I'll be alone for Christmas -- merrily!

Do not pity me: I prefer solitude.

Published December 20, 2007 11:25AM (EST)

Dear Cary,

Here's a timely topic for you. Please address this not just for me, but for thousands of others who are alone for the holidays.

I'm divorced and childless, I broke up with my boyfriend last month, my friends are busy with their families (most of them out of town), my father and two brothers died over 10 years ago, and my mother is a thousand miles away living with her third husband near his large family. Therefore, I have no plans for Christmas.

I'm not Scrooge. I put up lights. I sent out cards. I baked cookies and bought gifts for people I care about, and I shipped them. I'm planning to buy something nice for myself, too. I have presents to open, and every day brings cards from distant friends. I'm not a recluse -- I work two jobs, one full time and one part time, so I'm around people almost every day. I have a couple of parties to go to, and I expect to have a good time. But on Christmas Day, it will be just me and the cats, curled up on the couch, drinking champagne, watching a good movie or two. And that's fine!

I am OK with being alone. It's not the first time, and I was OK then too. I'm an atheist, so there is no religious significance to the holiday for me. I enjoy my own company; I live alone. Being alone is not the problem.

The problem is that my mother will not stop pitying me for being alone, no matter how many times I tell her it doesn't bother me. It's as though she wants me to be miserable, so she keeps asking if I don't have someone to be with. As if being with just anyone would have to be better than what I have planned. Then again, she is the one who stays married to a man she doesn't like very much just because she's afraid of being alone.

I know from experience that being with just anyone solely because it's Christmas is a recipe for disaster. I've tried spending Christmas with Mom and her husband's large family -- now there's an experiment in terror. I was "Harry's wife's child by a former marriage," unknown, unnamed and deeply pitied for being "not one of us (poor thing)." Never again.

I spent Thanksgiving alone this year too. It was fun. I cooked a turkey feast for myself, ate dinner on the good china and shared my leftovers with those less fortunate. I gave thanks for the fact that I wasn't forced by tradition to spend the day with anyone I didn't like. I didn't spend a nanosecond feeling depressed or lonely.

Please, Cary, say something about spending Christmas alone that isn't depressing. All you ever hear or read is "spending Christmas alone is hard."

I say it isn't, and there's no reason to wallow in self-pity just because society (and your mother) keeps telling you there's something wrong with being alone and content.

Solitaire

Dear Solitaire,

Why should your choice to be alone on Christmas bother people?

Let's be fair. Some are probably genuinely concerned. You are alone in part because of the deaths of your brothers and your father, your divorce, your childless status and a recent breakup.

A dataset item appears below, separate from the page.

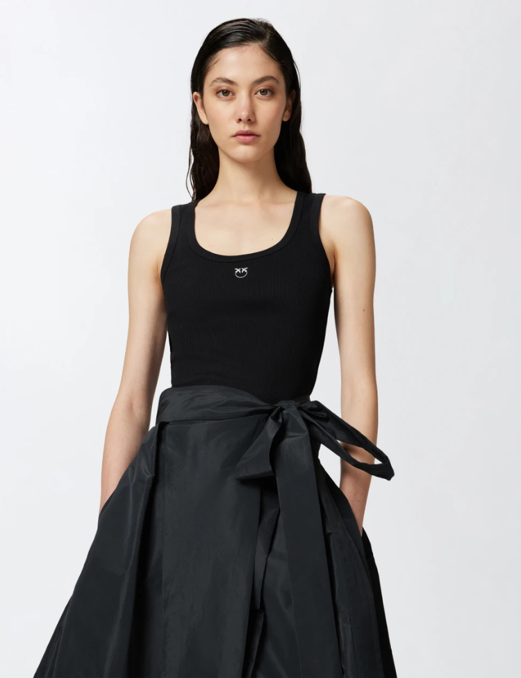 De Pinko Calcolatore Top van geribd gebreid katoen met gemêleerd dessin met een kleine Love Birds logo-applicatie in het midden op de voorkant. De veelzijdige slanke pasvorm, ronde hals en discrete details op maat maken dit vest tot het perfecte stuk om mee te pronken als onderdeel van een alledaagse look, dagen buitenshuis en zelfs op kantoor onder een formele blazer. Verkrijgbaar in meerdere kleuren.

Those conditions evince concern in those who love you. When they think of you alone on Christmas they think of these things.

But they do not speak of these things directly, do they? I'm guessing that, out of delicacy of feeling or a lack of words, they speak around these things. They say, Oh, you really can't be alone on Christmas, how sad! And you think, what an interfering dolt this loving relative is; what an intrusive ninny is this person who is supposed to be my friend!

Ideally, you and they could be frank; you could share your feelings and thoughts in an atmosphere of mutual respect. You might admit that of course these things happened and had they not happened you might not be alone, while also making clear that, given the alternatives, being alone suits you quite well. And perhaps you can indeed have such frank conversations with your friends. But not with your mother or her new family.

So you do not have a chance to make yourself understood. Instead, whatever true concern there may be emerges distorted, as controlling and manipulative behavior.

Argh@!

Too bad we can't all be more frank with each other and say, OK, suit yourself.

There is also the matter, this time of year, of mass behavior. Everyone is expected to participate. Annoying as this may be for cultures that do not include Christmas as part of their traditions, it is also annoying for those of us raised in the culture but wishing to have some control over how we pass through these days. Every year, it feels like all the secular autonomy we have so desperately struggled for over the years passes out of our hands when we are dealt the annual trump card of Christmas. Sure, play your hand the rest of the year as you see fit. Pretend to be independent the rest of the year. That's all very cute. But this is Christmas, damn it! Resume your family role!

I celebrate your independence as I celebrate the independence of this nation from all superstitious tyranny.

The crowd is a tyrant, and you must resist. By resisting the tyranny of Christmas, you save your own soul.

So even as I sing carols and pop popcorn, I will think of you on Christmas day with envy.